::: Data section :::
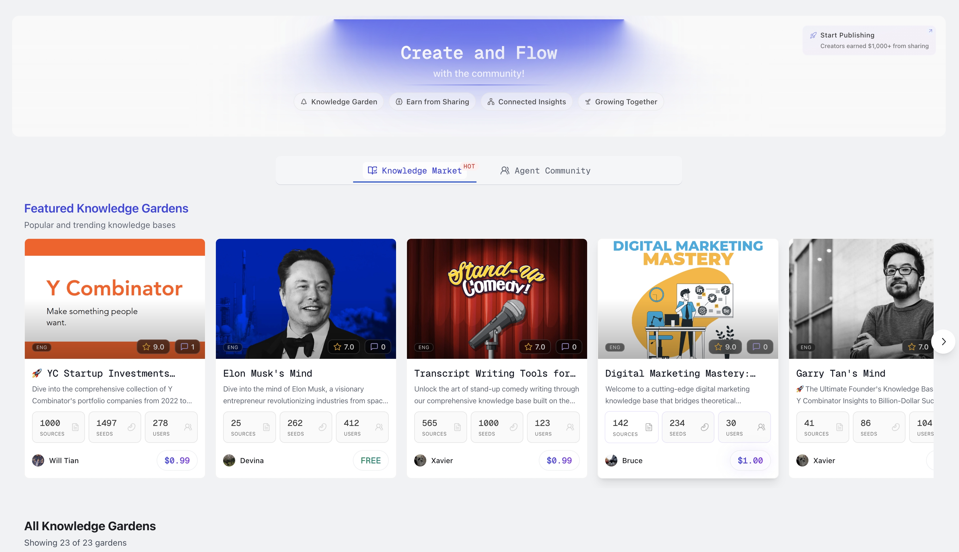 優れたナレッジベースの作成は第一歩に過ぎません：Knowledge Market はユーザーがナレッジベースを閲覧・購入できるプラットフォームです。flowith の多くのコミュニティユーザーは、自分に適した問題解決が可能なナレッジベースを探し、対価を支払っています。明確で魅力的な名称と説明文があれば、あなたのナレッジベースは際立ち、より多くのユーザーから支持を得ることができます——それは自然とより多くの収益につながります。
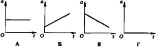 7. На рис. 3 представлены графики зависимости ускорения от времени для разных движений. Какой из графиков соответствует равномерному движению?
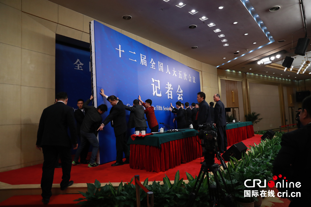 国际在线消息(记者 沈湜):2017年3月7日上午,十二届全国人大五次会议新闻中心在梅地亚中心多功能厅举行记者会,在上午的全国人大记者会结束后,新闻中心的工作人员马上为下午举行的全国政协新闻发布会更换背景板。
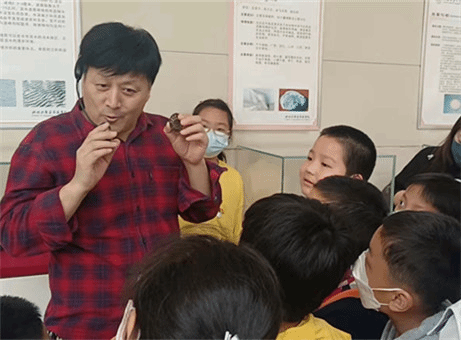 在参观过程中,郑伟老师给小朋友介绍了气象园的各组成部分,详细讲解了各种气象记录仪表收集信息、形成数据的过程,对小朋友们提出的各种疑问进行了解答。庞奖励老师从“岩石会说话吗”讲起,为小朋友们生动有趣的讲解了水晶、砂金、珊瑚化石、鹦鹉螺化石等矿物标本,从矿物岩石是怎么样被掩埋到为什么会被发现等方面进行了讲解。欧启均老师通3D虚拟系统进行虚拟旅游科普,小朋友们观看了8分钟的3D效果模拟动画。实验中心老师李敏睿、马阁、王瑞媛组织并共同参与了活动。
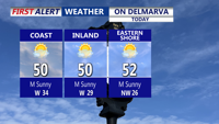 DELMARVA -- A brisk and sunny day is on tap across Delmarva today as strong low pressure pulls away into the Canadian Maritimes. Temperatures will run below normal, with highs only in the upper 40s to low 50s.
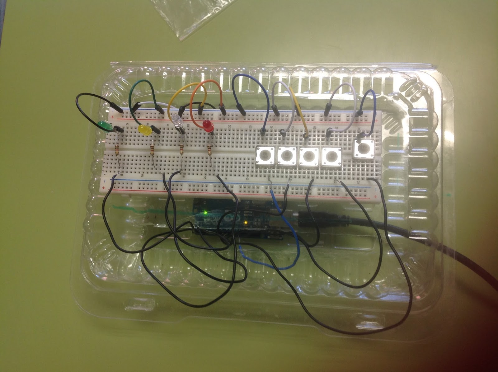 A su vez, estas resistencias las siguen unos cables que van conectados a la placa Arduino con su correspondiente señal digital; esto también pasa con los botones, que van conectados a través de un cable a la placa Arduino con su correspondiente señal digital de igual forma. Estos sirven, en el caso de los LEDs, para que la placa los pueda encender, y en el caso de los botones para enviarles la señal a la placa cuando el botón es pulsado.
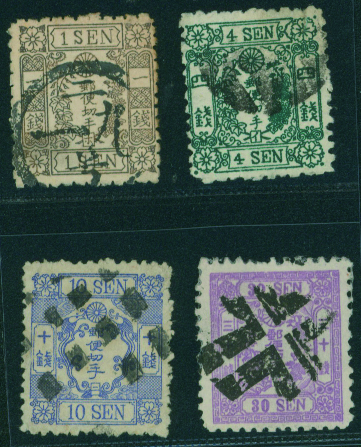 [済] 切手4枚 改色桜1銭茶カナ ホ 済 記番印(ニ19号) 4銭緑カナ, 10銭青カナ, 30銭紫カナ
:::
* **Directions**
Leave out every picture, and repeat word for word only the lines from the one holding "DELMARVA -- A" through the end of the entries above, both ends included.

* **Answer box**
 DELMARVA -- A brisk and sunny day is on tap across Delmarva today as strong low pressure pulls away into the Canadian Maritimes. Temperatures will run below normal, with highs only in the upper 40s to low 50s.
 A su vez, estas resistencias las siguen unos cables que van conectados a la placa Arduino con su correspondiente señal digital; esto también pasa con los botones, que van conectados a través de un cable a la placa Arduino con su correspondiente señal digital de igual forma. Estos sirven, en el caso de los LEDs, para que la placa los pueda encender, y en el caso de los botones para enviarles la señal a la placa cuando el botón es pulsado.
 [済] 切手4枚 改色桜1銭茶カナ ホ 済 記番印(ニ19号) 4銭緑カナ, 10銭青カナ, 30銭紫カナ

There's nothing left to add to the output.